A paciente acusa a mãe de fazer diferença entre os filhos. Considera que tem mais
carinho e atenção com o meio irmão. Pensa que por ser homem o rapaz é mais valorizado.
Célia: “Sinto uma sensação de abandono em relação a minha mãe. Eu tenho que ser mãe
dela! Ela e o meu pai estavam em casa, na sala, perto do quarto onde brincávamos. Não
consigo acreditar que não percebiam o abuso. E esta é minha grande mágoa!”
A paciente repete com indignação que não consegue entender como sua mãe não
notava o abuso. Tem muita vontade de contar, mas considera que ela não vai acreditar e
acusá-la de estar mentindo.
Eneida: Concordo contigo. Isto pode acontecer! Não sabemos como ela vai reagir. Mas
este é um segundo momento. O que temos que pensar é por que queres contar para ela,
e no que isto vai te ajudar.”
Eneida: “Antes de falares desta situação com a tua mãe, vocês precisam resgatar o
diálogo. Serem mais próximas e espontâneas.

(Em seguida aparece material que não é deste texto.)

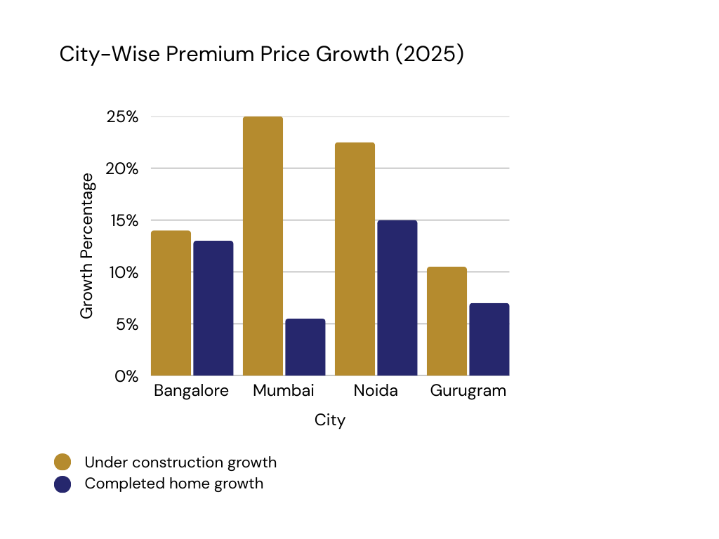 In cities like Mumbai and NOIDA, the range of growth was particularly wide (up to 36 percent), while Bangalore maintained healthy gains of 13–15 percent for under-construction premium assets.
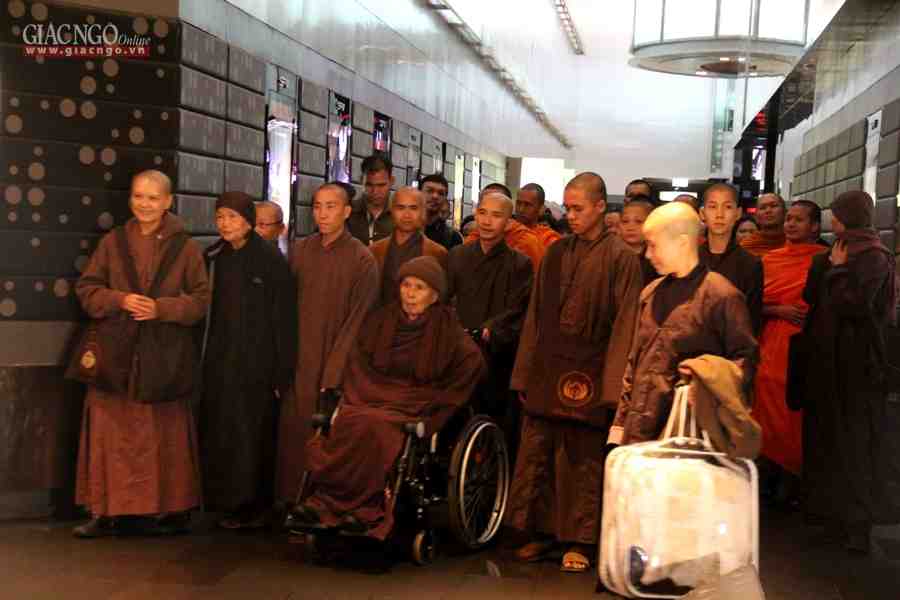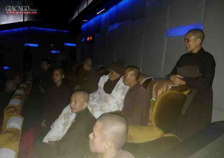 Thiền sư được quý Thầy và quý Sư cô cùng chư Tăng Thái Lan tháp tùng đến buổi công chiếu
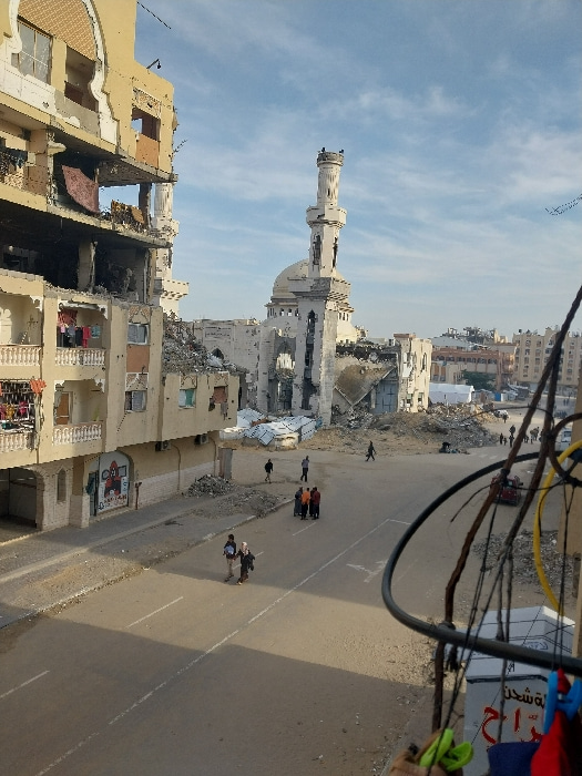 This image depicts a street scene in Khan Yunis, Palestinian Territory, characterized by extensive structural damage under a partly cloudy sky. In the background, a severely damaged mosque stands prom…read more
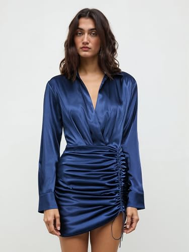 CIDER Satin Women Mini Shirt Dress Long Sleeve Collar Drawstring Waist Party Elegant Short Dress 1
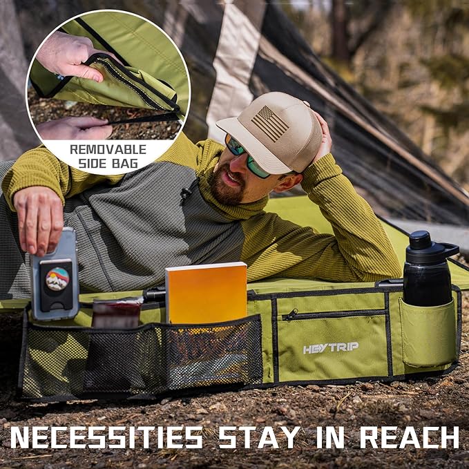 - Heytrip camping cot: Not just for car camping, take it fishing, to the beach, on a hiking and road tripping is a breeze with this backpacking cot. Bring it inside for a quick office nap or as a guest bed for family gatherings. With enough space for adults, kids or pets. Upgrade to Heytrip and experience the ultimate in versatility.
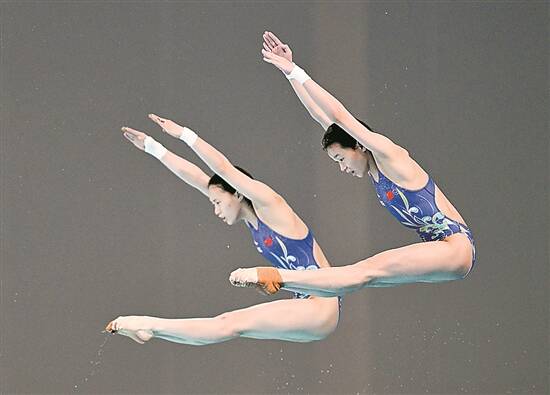 全红婵/陈芋汐(左)在比赛中 新华社发
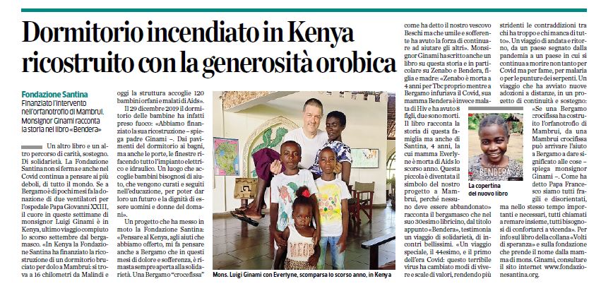 Un altro libro e un altro percorso di carità, sostegno. Di solidarietà. La Fondazione Santina non si ferma e anche nel Covid continua a pensare ai più deboli, di tutto il mondo. Se a Bergamo è di pochi mesi fa la donazione di due ventilatori per l’ospedale Papa Giovanni XXIII, il cuore in queste settimane di monsignor Luigi Ginami è in Kenya, ultimo viaggio compiuto lo scorso settembre dal bergamasco. «In Kenya la Fondazione Santina ha finanziato la ricostruzione di un dormitorio bruciato per dolo a Mambrui: si trova a 16 chilometri da Malindi e oggi la struttura accoglie 120 bambini orfani e malati di Aids».

Alguém tem que promover esse
achegamento e como és tu quem está pretendendo conversar, quem sabes tentas?
O pai de Célia era cinegrafista de um canal de televisão. Homem inteligente e com
muita experiencia e contatos no meio cultural da cidade De origem e hábitos simples,
gostava da boemia. Estava casado, quando conheceu a mãe de Célia, 20 anos mais jovem
do que ele. Ele com 45 anos e ela com 25. Separou-se para casar com ela. Fato que causou
uma ruptura permanente entre ele e os familiares do primeiro casamento.
Célia: Com essa diferença de idade (referindo-se a diferença de idade entre os pais), não
dá pra considerar abuso? Meu pai abusou da minha mãe? E ela mesma responde: “É eu
sei... ela era adulta. Os dois eram adultos. E no meu caso eu tinha 5 e ele 12 anos.
Eneida: “ Sim! Tu eras uma criança e teu irmão um adolescente com experiencias
sofridas, mal orientado, com fugas de casa! Ele sabia o que estava fazendo. Tu não sabias
e foste manipulada por ele. A Lei é feita para proteger a inocência das crianças.” Teus
pais eram adultos. Tua mãe estava no segundo casamento. Era mãe. Sabia o que estava
fazendo. O relacionamento dos teus pais foi consensual, entre dois adultos.”
Percebe-se na família materna de Célia relacionamentos sem individuação, sem
fronteiras entre eles. Como eram muitos filhos, várias irmãs fizeram papel de mãe para
os irmãos mais novos. Assim como, a avó materna fez papel de mãe para Demétrio, seu
neto.
Ao contrário, na família paterna observam-se muitas rupturas e brigas sem perdão.
Os filhos do primeiro enlace paterno, afastaram-se dele desde o divórcio e não
compareceram aos funerais do genitor.
Quando os pais de Célia casaram, Demétrio morou com eles, causando muita briga
e discordância. A mãe contestava as interferências do padrasto no comportamento do
filho. Aos 14 anos, o adolescente foi encaminhado para um internato. Célia afirma que
com o afastamento do irmão, cessaram os abusos sobre ela.
Célia diz que gostava muito do irmão e confiava nele. Ele a convidava para
brincar. A brincadeira evoluía para uma aproximação corporal dele em direção a ela. Ela
resistia, mas ele dizia que era rápido. Celia afirma que houve penetração sexual desde
quando ela era muito pequena. Conta que ao ser abordada pelo irmão sentia medo e sabia
que algo estava errado, mas não conseguia impedi-lo.